By Naveen Athrappully
A Danish study of nearly 12,000 households has discovered that Omicron spreads faster than Delta among those who are fully vaccinated, and even higher between those who have received booster shots, demonstrating strong evidence of the variant’s immune evasiveness.
The Omicron variant was found to evade the immunity of vaccinated individuals at a much faster pace compared to Delta, and at a higher rate than the unvaccinated, according to the study conducted by researchers at the University of Copenhagen, Statistics Denmark, and Statens Serum Institut.
“Comparing households infected with the Omicron to Delta VOC, we found an 1.17 times higher SAR for unvaccinated, 2.61 times higher for fully vaccinated and 3.66 times higher for booster-vaccinated individuals, demonstrating strong evidence of immune evasiveness of the Omicron VOC,” said the preprint of the study. SAR refers to secondary attack rate.
However, the study also discovered that unvaccinated individuals spread the virus more easily than those who are fully vaccinated, while there was reduced transmission between people who received booster shots.
There were altogether 11,937 households involved in the study, out of which 2,225 already had Omicron. After one to 7 days, the team followed up with the households and found 6,397 secondary infections. The SAR was found to be 31 percent with the Omicron, and 21 percent with the Delta variant.
Omicron has spread to 90 countries worldwide and has become the dominant variant in the United States.
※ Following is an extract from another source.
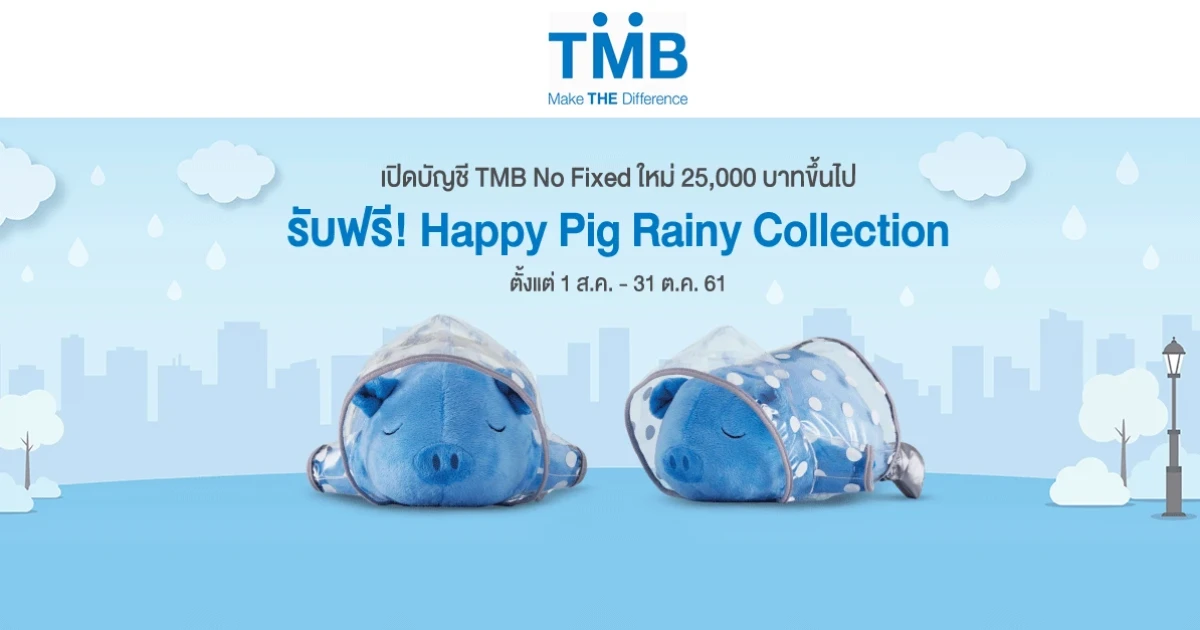 - กรณีเปิดบัญชี ผ่านTMB TOUCH Mobile App สงวนสิทธิ์เฉพาะลูกค้าที่เปิดบัญชีใหม่ 25,000 บาท และค้างเงินไว้ในบัญชีเกิน 1 วัน ธนาคารจะจัดส่ง Happy Pig Rainy Collection ไปยังที่อยู่ที่ท่านเคยให้ไว้กับธนาคาร ภายใน 90 วัน หลังจากจบระยะเวลาโปรโมชั่น วันที่ 31 ต.ค. 61 กรณีของสมนาคุณตีคืนและลูกค้าไม่ติดต่อขอรับของกับธนาคาร ภายใน 180 วันนับจาก 31 ต.ค. 61 ให้ถือว่าลูกค้าสละสิทธิ์ในการขอรับของสมนาคุณ

However, the strain has proven to cause mild symptoms compared to earlier variants like Delta, and results in fewer hospitalizations.
“The Omicron VOC (variant of concern) has been reported to be three to six times as infectious as previous variants, with a short doubling time, including early estimates from countries with a high vaccination coverage indicating doubling times of 1.8 days (UK), 1.6 days (Denmark), 2.4 days (Scotland) and 2.0 days (United States),” from the study.
The researchers also suggested considering alternate methods for combating the infection. “Our data indicate that the non-pharmaceutical interventions that were used to control the previous variants of SARS-CoV-2 are also likely to be effective against the Omicron VOC.”
Seventy-eight percent of Danish citizens are fully vaccinated with two doses, while almost half have received a booster shot. More than 80 percent have received Pfizer-BioNTech’s vaccine.
The effectiveness of vaccines is reduced to around 40 percent for symptoms and 80 percent for severe disease with the Omicron variant. Numbers were better with booster shots as the effectiveness was reduced only to 86 percent for symptoms and 98 percent respectively for those suffering from severe infection.
The vaccination effectiveness with Pfizer-Biotech for preventing infection with the Omicron variant is only 35 percent, the study found. “The advantage of the Omicron VOC seems to be a combination of high transmissibility and increased immune evading abilities.”
“We therefore suggest that adapted or improved vaccines may be necessary to mitigate the spread of the Omicron VOC.”
The Danish team added that more studies are required to understand the latest COVID-19 variant, as they concluded, “Our results confirm that booster vaccination has the potential to reduce Omicron VOC transmission in households, although vaccination as a strategy for epidemic control is increasingly challenged by the immune evasiveness of the Omicron VOC.”
A preprint of the study was published on Dec. 27, and it has not yet been peer-reviewed.